▸ WHAT YOU WILL DO
Restate word for word, and only, the lines that extend from the line containing "Bigreams Men's Unstitched" through the end of the records below.

▸ Excerpts from a dataset

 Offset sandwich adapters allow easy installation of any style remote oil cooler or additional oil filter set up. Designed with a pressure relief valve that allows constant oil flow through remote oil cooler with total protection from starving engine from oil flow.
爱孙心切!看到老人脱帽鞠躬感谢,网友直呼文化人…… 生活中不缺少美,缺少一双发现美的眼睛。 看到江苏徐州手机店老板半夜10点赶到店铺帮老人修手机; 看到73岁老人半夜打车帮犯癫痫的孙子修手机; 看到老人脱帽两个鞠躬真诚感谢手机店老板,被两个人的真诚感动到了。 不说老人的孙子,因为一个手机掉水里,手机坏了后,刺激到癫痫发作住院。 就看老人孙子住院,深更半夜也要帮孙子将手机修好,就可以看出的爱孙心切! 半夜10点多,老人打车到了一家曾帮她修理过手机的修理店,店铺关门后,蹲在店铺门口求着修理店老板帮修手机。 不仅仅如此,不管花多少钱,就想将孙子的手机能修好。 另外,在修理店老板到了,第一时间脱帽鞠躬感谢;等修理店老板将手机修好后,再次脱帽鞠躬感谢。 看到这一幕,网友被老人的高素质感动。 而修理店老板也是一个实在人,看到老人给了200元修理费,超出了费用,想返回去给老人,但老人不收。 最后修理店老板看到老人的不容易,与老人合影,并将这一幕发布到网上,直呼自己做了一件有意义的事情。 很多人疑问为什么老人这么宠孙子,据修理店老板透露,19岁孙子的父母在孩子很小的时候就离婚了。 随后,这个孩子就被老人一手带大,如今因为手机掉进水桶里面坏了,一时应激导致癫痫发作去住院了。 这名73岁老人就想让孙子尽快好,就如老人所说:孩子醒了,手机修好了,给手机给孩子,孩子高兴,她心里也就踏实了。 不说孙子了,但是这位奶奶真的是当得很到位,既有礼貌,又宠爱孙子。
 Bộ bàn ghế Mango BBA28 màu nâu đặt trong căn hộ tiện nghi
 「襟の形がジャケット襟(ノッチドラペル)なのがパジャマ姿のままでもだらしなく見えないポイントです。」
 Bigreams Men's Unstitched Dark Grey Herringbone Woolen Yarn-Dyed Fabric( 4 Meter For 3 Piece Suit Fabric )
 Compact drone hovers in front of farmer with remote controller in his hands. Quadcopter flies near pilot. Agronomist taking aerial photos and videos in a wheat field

▸ EXERCISE RESPONSE
 Bigreams Men's Unstitched Dark Grey Herringbone Woolen Yarn-Dyed Fabric( 4 Meter For 3 Piece Suit Fabric )
 Compact drone hovers in front of farmer with remote controller in his hands. Quadcopter flies near pilot. Agronomist taking aerial photos and videos in a wheat field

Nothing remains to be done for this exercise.